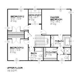 The large foyer open to the staircase is welcoming for guests. The home office complete with built-in and window seat is set apart from the rest of the home. Kitchen, Dining, and living rooms are centered on the fireplace near the rear of the home. Spacious mudroom with lockers and bench are great for storage, with laundry and bath filling the back entry. On the second story the kids study is located between the two additional bedrooms. A master suite with large closet and separated master bath provides privacy and comfort.
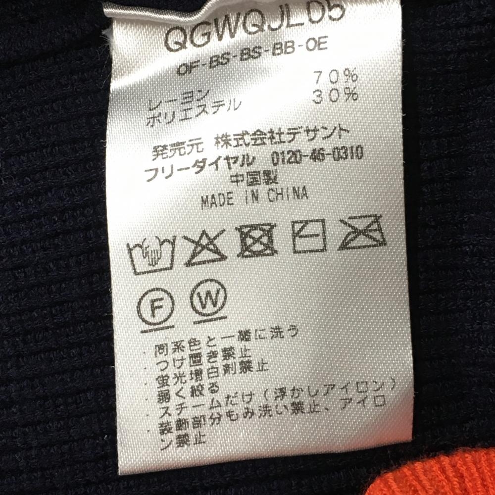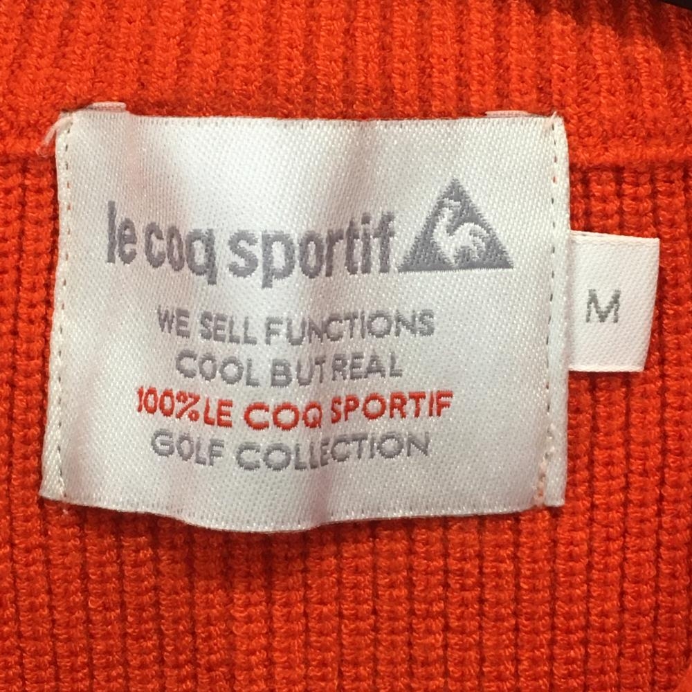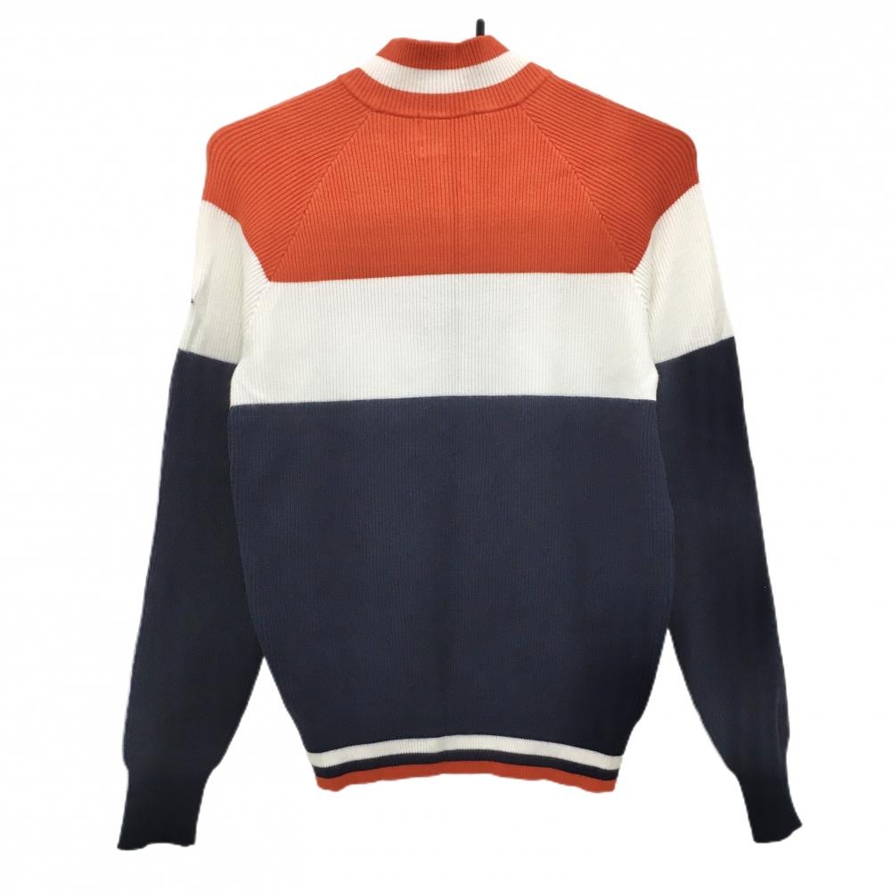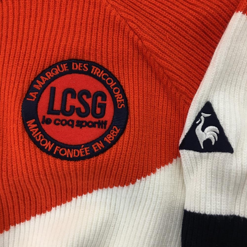 【超美品】ルコックゴルフ ニットジャケット オレンジ×ネイビー×白 リブ編み ブルゾン レディース M ゴルフウェア le coq sportif
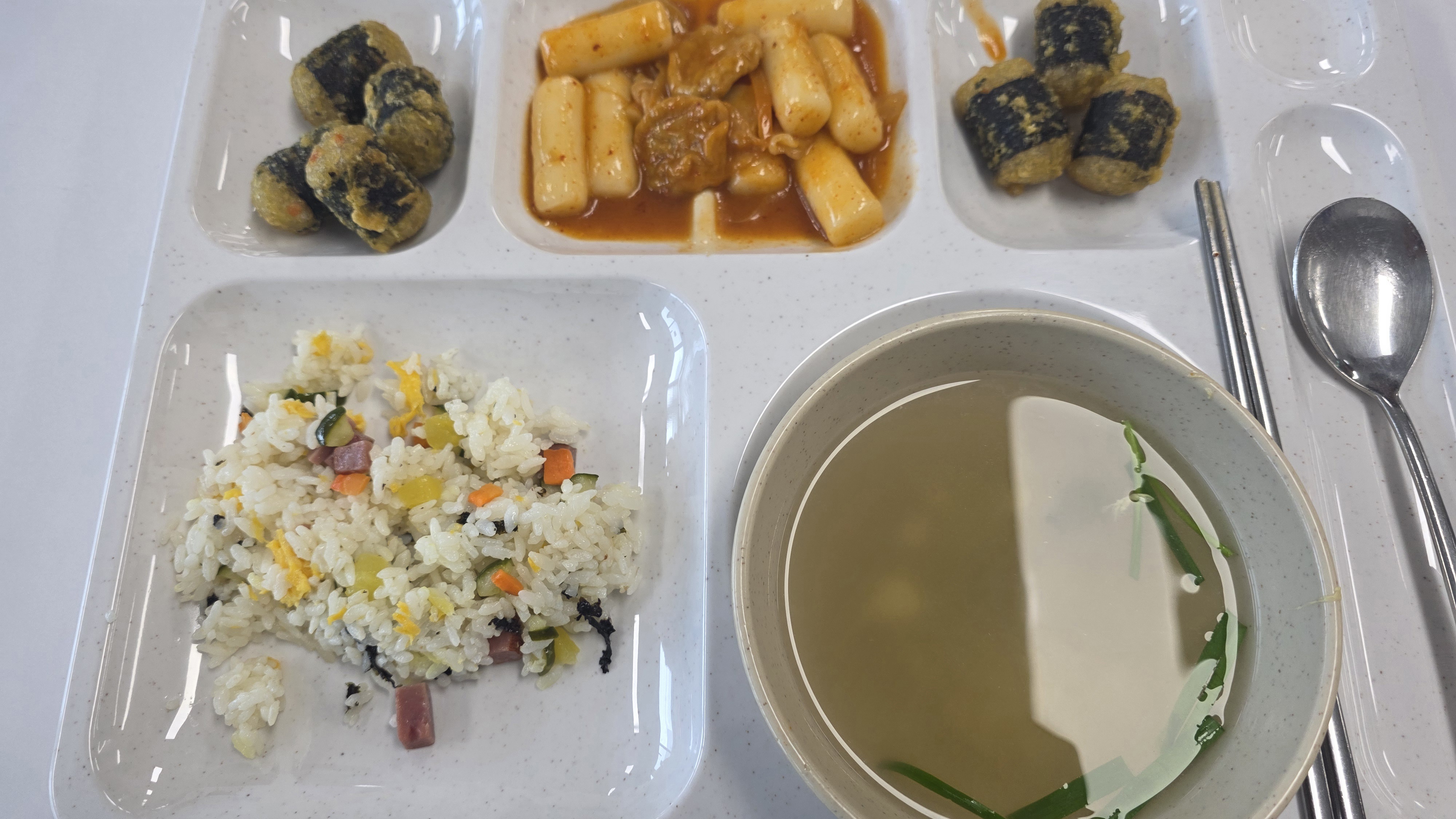 - 김밥볶음밥, 계란국, 김말이 7개, 떡볶이, 아맛나 아이스크림
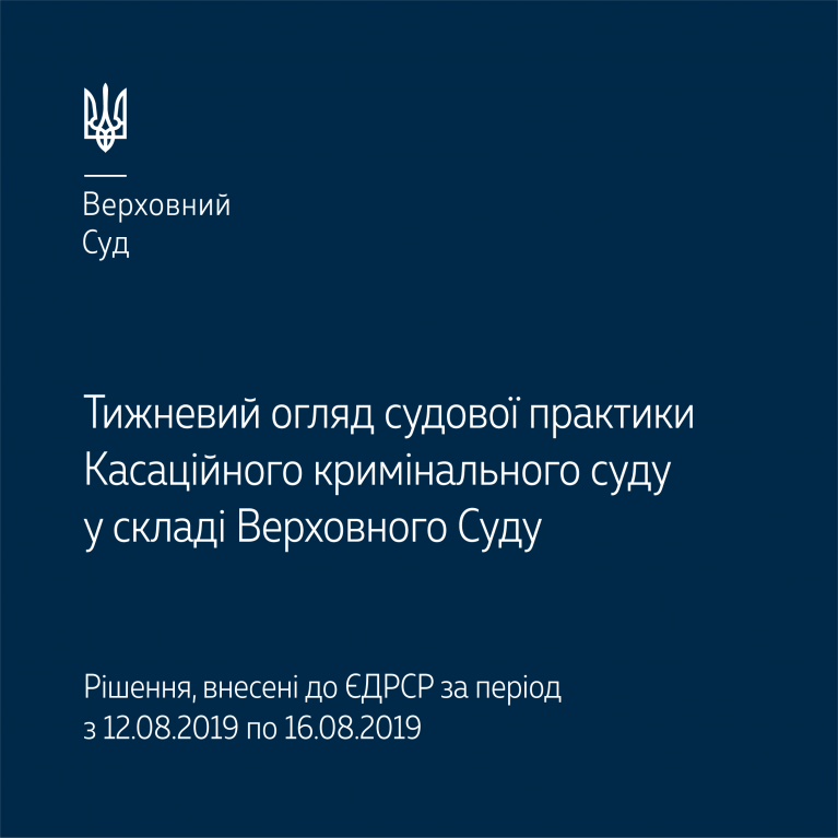 Огляд містить ряд актуальних позицій Касаційного кримінального суду, оприлюднених з 12 по 16 серпня 2019 року.

□ □ □

» Problem description: Extract, word for word, each line from the top of the data down to and including the line with "le coq sportif"; skip the pictures.

» Answer to this problem:
 The large foyer open to the staircase is welcoming for guests. The home office complete with built-in and window seat is set apart from the rest of the home. Kitchen, Dining, and living rooms are centered on the fireplace near the rear of the home. Spacious mudroom with lockers and bench are great for storage, with laundry and bath filling the back entry. On the second story the kids study is located between the two additional bedrooms. A master suite with large closet and separated master bath provides privacy and comfort.
 【超美品】ルコックゴルフ ニットジャケット オレンジ×ネイビー×白 リブ編み ブルゾン レディース M ゴルフウェア le coq sportif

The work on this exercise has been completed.